Я не билась и не пыталась бежать, что еще более удивило моего нового хозяина, каким я с этой поры считала Николая Сергеевича, — буду уж его звать человеческим именем, тем более, что за свою долгую жизнь я уже достаточно привыкла к этим особенным двойным кличкам каждого русского человека.

— Ну, как же мы теперь тебя звать будем, удивительный пасюк? — обратился Николай Сергеевич ко мне.

— Зовите его Узбоем* по месту нахождения, — сказал его спутник.

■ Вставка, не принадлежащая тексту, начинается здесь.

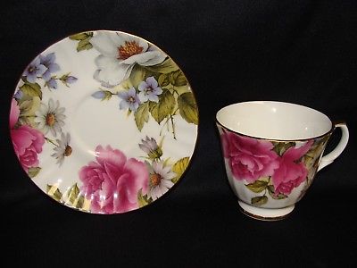 Title (ebay affiliate link): Duchess Bone China Cup & Saucer England Pink Purple White Flowers Gold Trim
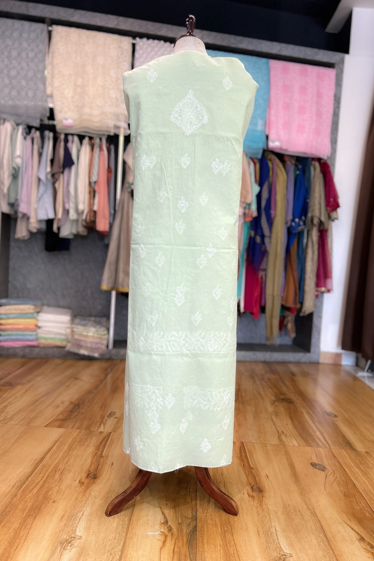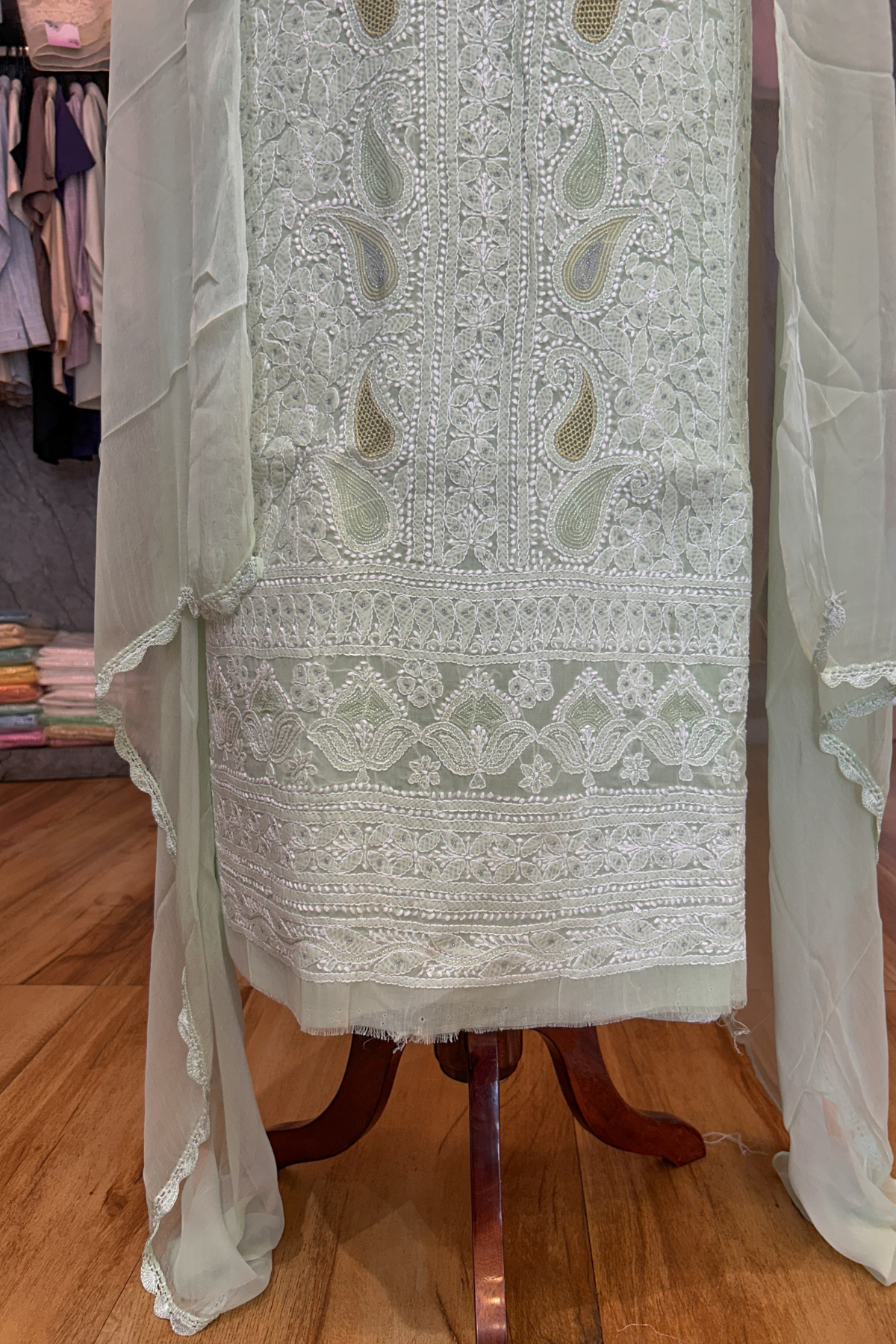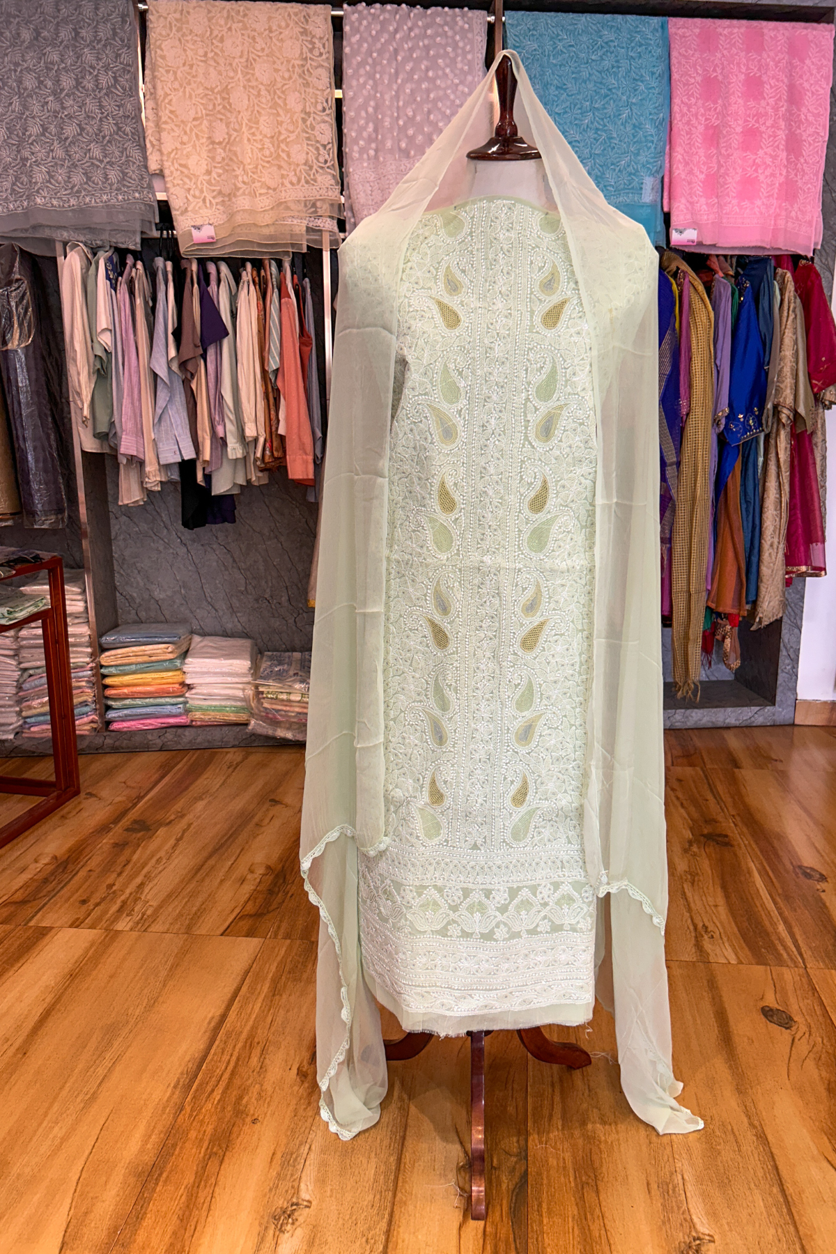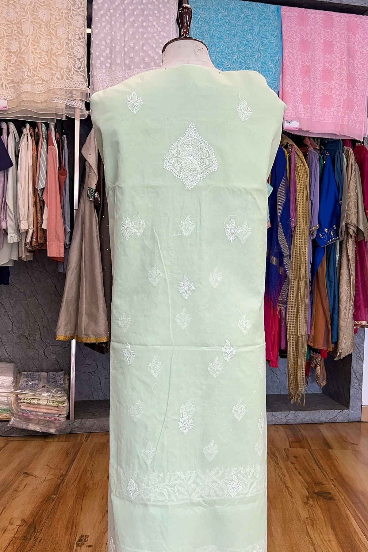 A beautiful hand embroidered Unstitched Chikankari Kurti, Bottom and Dupatta set. The Kurti and Bottom is of Pure Cotton fabric and Dupatta is of pure Chiffon with crochet border on it. The suit has fancy jaal work on the front with add on Zari embellishments of Aari, Moti, Kasab and Pure Resham Jaali work on it.

(Узбой — высохшее русло древней реки, впадавшей в Каспийское море; по мнению некоторых, это была Аму-Дарья, повернувшая потом в Аральское море).

— Ну, ладно. Ну, Узбой, будь умником, а теперь посиди немного один: мне, брат, еще много дела, — и новый хозяин привязал мою цепочку к столбу навеса

Оба туземца с любопытством посмотрели на нового пленника, по-видимому, тоже удивляясь его покорности

Да и мои два новых спутника долго беседовали, каждый за своим занятием, об удивительном случае нахождения пасюка среди песков, да еще такого смирного.

Константин Егорович сделал предположение, что я, вероятно, сильно удручена была неподходящим местожительством, оттого во мне и притупилась природная дикость. Зачем судьба не даровала вам, люди, проницательности? Впрочем, оно, быть может, и к лучшему…

Наконец, мои хозяева покончили со своими делами: Николай Сергеевич выпотрошил еще штук шесть птичек и приготовил удивительные подобия их трупов из снятых с них шкурок, а седой упаковал в ящики всех выбранных им из банок насекомых.

— Джума! Собирайся, и — в путь! — крикнул Николай Сергеевич, отцепляя меня от столба.

Он это сделал как-то неловко и ошейник подпер мое горло. Я метнулась.

— Ну, ну, дикарь! Опомнился. Теперь, брат, шалишь. Иди на новую квартиру.

И я, действительно, пошла на новую квартиру, как упрямая собачонка, так как никак не могла приноровиться к походу на цепи. Это объяснялось хозяевами моим нежеланием идти.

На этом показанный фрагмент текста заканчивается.